Data shown: Begin
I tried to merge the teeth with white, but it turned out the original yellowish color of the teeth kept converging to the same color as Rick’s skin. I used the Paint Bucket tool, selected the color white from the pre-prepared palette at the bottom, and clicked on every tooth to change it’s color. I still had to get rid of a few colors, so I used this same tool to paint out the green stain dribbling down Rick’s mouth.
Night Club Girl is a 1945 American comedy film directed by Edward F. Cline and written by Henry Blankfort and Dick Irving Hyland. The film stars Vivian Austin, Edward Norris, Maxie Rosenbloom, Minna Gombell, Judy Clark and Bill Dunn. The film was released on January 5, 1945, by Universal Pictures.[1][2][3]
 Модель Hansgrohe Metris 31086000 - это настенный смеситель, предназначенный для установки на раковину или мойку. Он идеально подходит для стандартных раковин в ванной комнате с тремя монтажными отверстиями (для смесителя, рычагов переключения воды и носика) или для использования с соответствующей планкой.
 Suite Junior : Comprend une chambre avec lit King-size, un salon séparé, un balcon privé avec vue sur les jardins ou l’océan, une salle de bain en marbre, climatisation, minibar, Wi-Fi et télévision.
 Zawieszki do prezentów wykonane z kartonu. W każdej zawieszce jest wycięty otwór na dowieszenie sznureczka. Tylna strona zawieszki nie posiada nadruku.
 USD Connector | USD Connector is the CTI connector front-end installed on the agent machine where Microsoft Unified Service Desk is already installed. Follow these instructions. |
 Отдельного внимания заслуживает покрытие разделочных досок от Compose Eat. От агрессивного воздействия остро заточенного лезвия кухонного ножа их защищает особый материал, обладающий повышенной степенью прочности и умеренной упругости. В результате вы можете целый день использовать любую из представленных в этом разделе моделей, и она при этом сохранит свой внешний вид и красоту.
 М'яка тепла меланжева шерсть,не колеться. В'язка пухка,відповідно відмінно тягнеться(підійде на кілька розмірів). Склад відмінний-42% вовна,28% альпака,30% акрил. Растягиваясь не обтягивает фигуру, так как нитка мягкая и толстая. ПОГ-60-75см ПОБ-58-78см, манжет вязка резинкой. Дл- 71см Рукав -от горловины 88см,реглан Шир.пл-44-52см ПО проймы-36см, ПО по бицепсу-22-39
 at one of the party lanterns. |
Data shown: End
Data shown: Begin
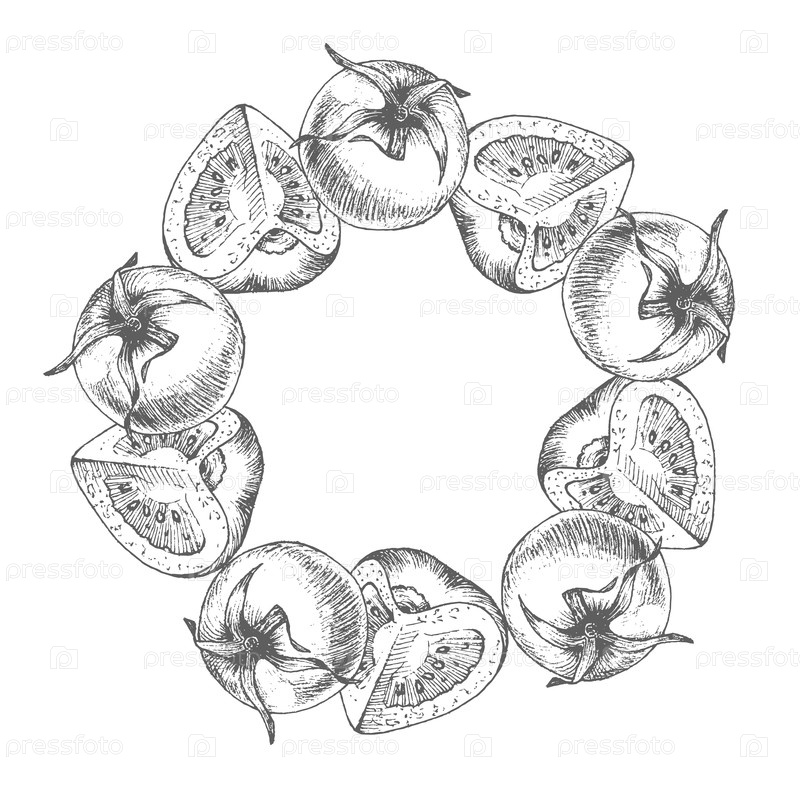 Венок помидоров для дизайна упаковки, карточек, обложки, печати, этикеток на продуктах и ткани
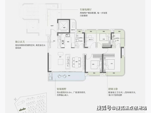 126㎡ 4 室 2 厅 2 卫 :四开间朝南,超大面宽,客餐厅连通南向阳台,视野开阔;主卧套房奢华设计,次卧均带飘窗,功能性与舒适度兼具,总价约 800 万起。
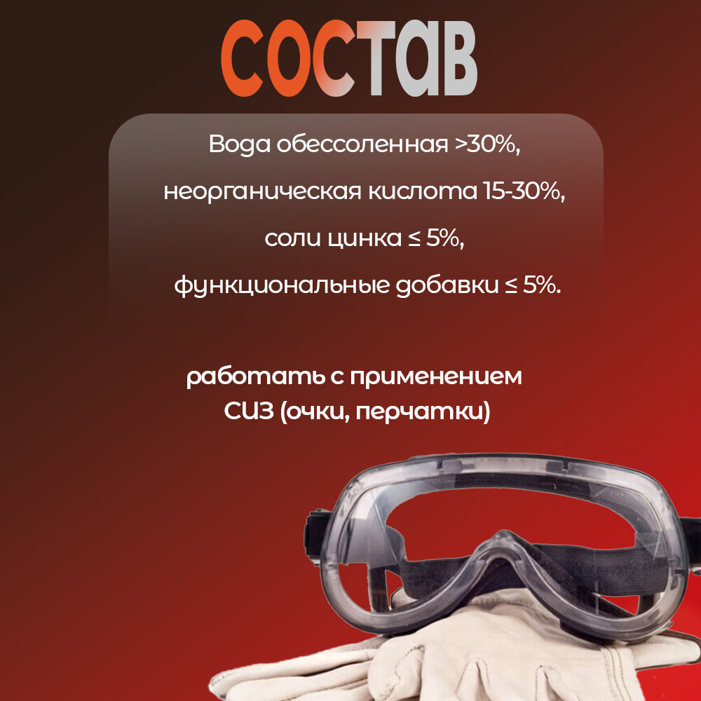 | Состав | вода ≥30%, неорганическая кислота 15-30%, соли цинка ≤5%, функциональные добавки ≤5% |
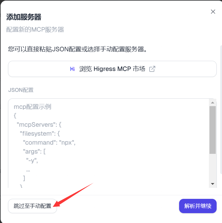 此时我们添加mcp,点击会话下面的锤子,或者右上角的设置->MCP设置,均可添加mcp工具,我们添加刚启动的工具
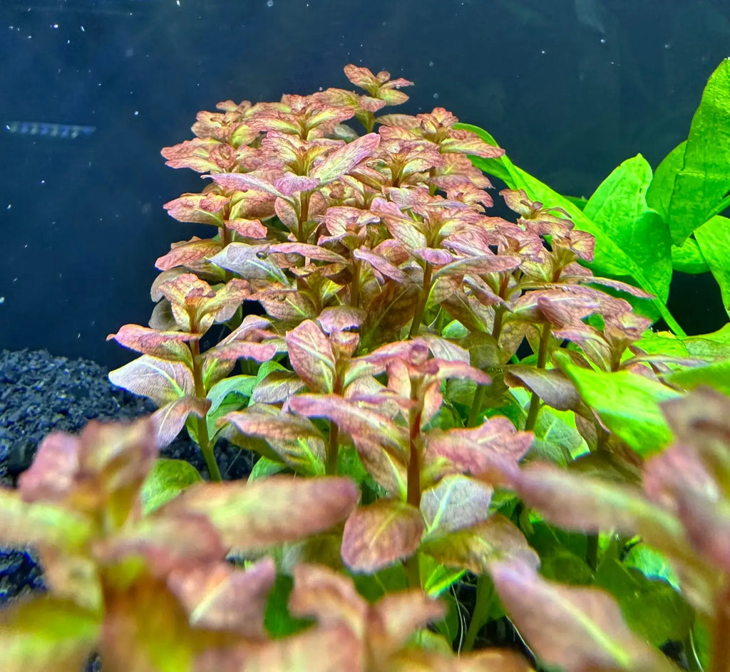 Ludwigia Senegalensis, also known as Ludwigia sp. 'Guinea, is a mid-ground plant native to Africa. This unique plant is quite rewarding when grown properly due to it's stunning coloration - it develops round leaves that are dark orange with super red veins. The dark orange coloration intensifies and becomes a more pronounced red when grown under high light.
Data shown: End
Data shown: Begin
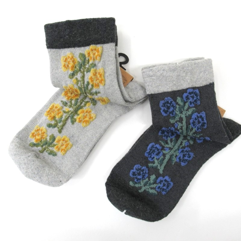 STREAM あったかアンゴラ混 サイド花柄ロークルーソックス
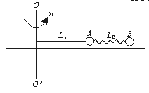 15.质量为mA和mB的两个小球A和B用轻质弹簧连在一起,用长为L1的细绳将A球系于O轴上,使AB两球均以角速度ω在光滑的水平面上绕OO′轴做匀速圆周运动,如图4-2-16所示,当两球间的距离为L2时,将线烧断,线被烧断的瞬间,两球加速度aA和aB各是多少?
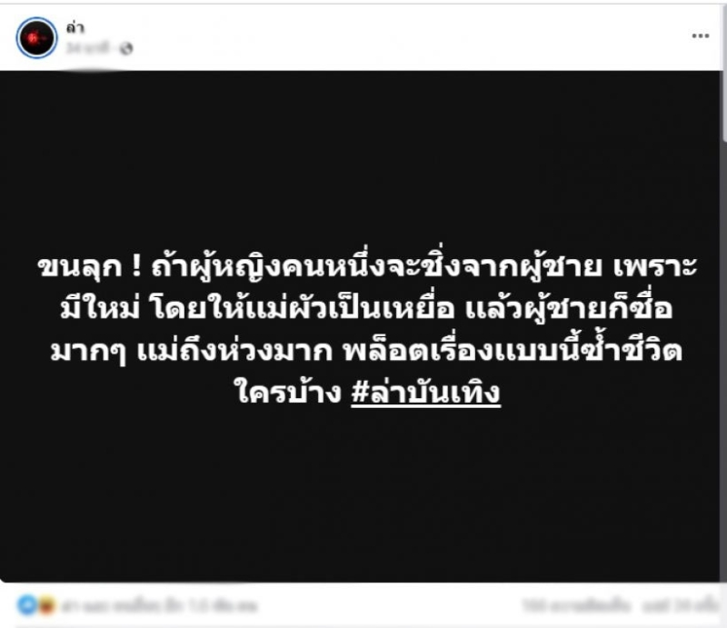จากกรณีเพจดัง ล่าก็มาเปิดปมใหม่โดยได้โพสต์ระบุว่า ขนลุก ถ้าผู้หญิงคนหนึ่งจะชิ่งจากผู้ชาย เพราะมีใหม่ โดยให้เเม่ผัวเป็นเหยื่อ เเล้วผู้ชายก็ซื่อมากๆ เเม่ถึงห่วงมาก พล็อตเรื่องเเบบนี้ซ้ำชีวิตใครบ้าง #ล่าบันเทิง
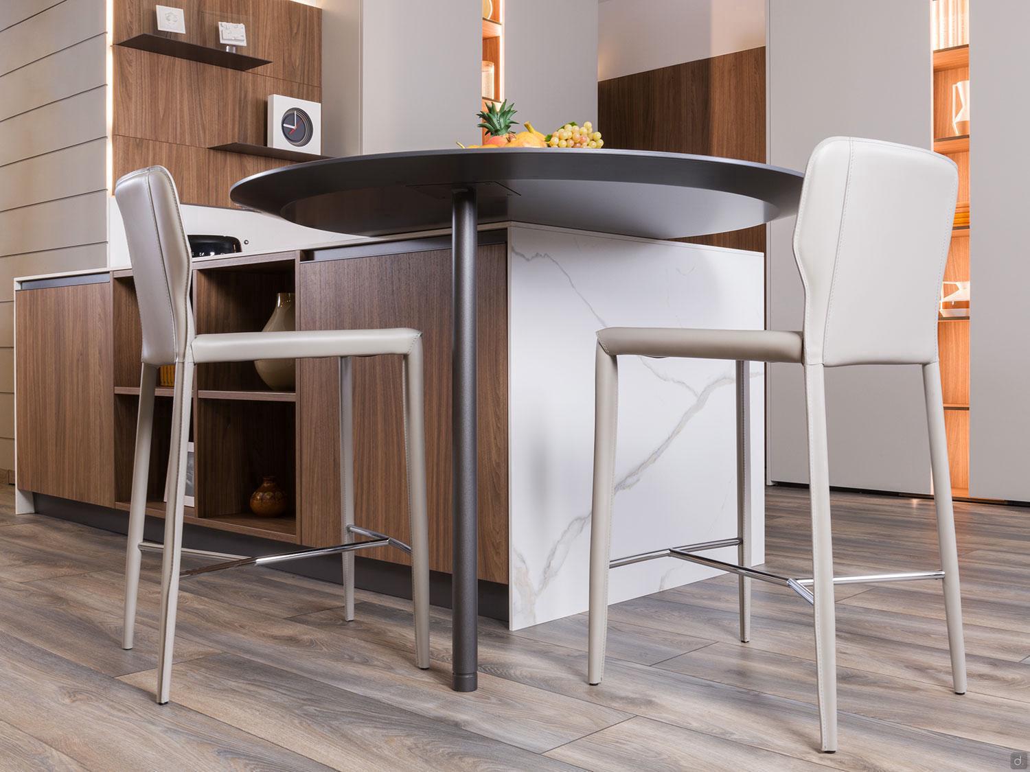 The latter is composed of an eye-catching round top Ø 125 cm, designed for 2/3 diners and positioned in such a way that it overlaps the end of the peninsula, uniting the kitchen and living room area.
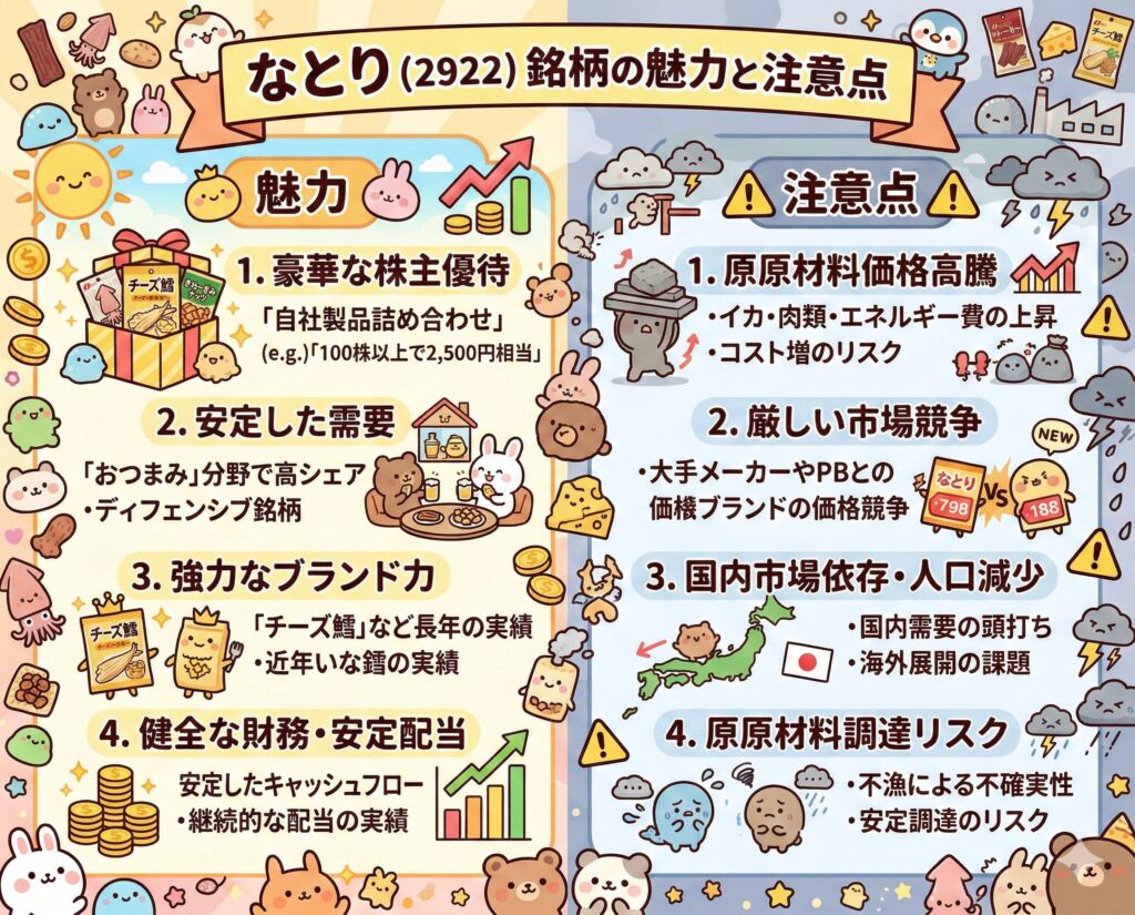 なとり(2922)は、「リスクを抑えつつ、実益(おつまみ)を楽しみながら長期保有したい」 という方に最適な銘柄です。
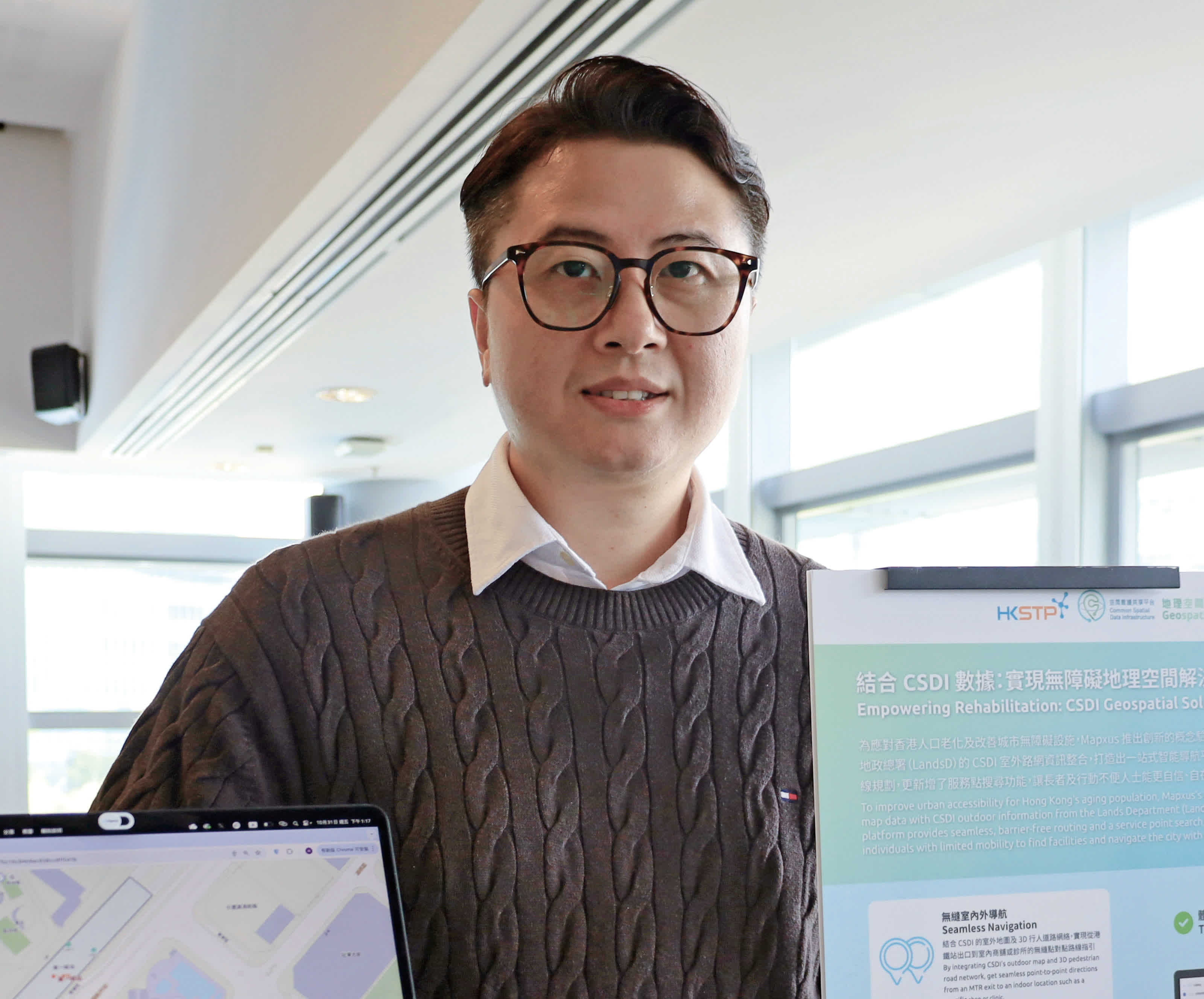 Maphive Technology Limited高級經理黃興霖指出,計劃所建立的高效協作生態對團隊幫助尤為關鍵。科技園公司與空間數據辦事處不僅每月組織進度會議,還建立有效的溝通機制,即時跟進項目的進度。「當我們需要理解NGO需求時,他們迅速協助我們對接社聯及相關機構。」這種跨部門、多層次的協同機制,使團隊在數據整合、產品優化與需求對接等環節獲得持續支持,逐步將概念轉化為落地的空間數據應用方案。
Data shown: End
*Work instructions*
Exact copy, pictures excluded: every line above from the one containing "15.质量为mA和mB的两个" to the one containing "จากกรณีเพจดัง ล่าก็มาเปิดปมใหม่โดยได้โพสต์ระบุว่า ขนลุก", inclusive, and nothing more.

*Written answer*
 15.质量为mA和mB的两个小球A和B用轻质弹簧连在一起,用长为L1的细绳将A球系于O轴上,使AB两球均以角速度ω在光滑的水平面上绕OO′轴做匀速圆周运动,如图4-2-16所示,当两球间的距离为L2时,将线烧断,线被烧断的瞬间,两球加速度aA和aB各是多少?
จากกรณีเพจดัง ล่าก็มาเปิดปมใหม่โดยได้โพสต์ระบุว่า ขนลุก ถ้าผู้หญิงคนหนึ่งจะชิ่งจากผู้ชาย เพราะมีใหม่ โดยให้เเม่ผัวเป็นเหยื่อ เเล้วผู้ชายก็ซื่อมากๆ เเม่ถึงห่วงมาก พล็อตเรื่องเเบบนี้ซ้ำชีวิตใครบ้าง #ล่าบันเทิง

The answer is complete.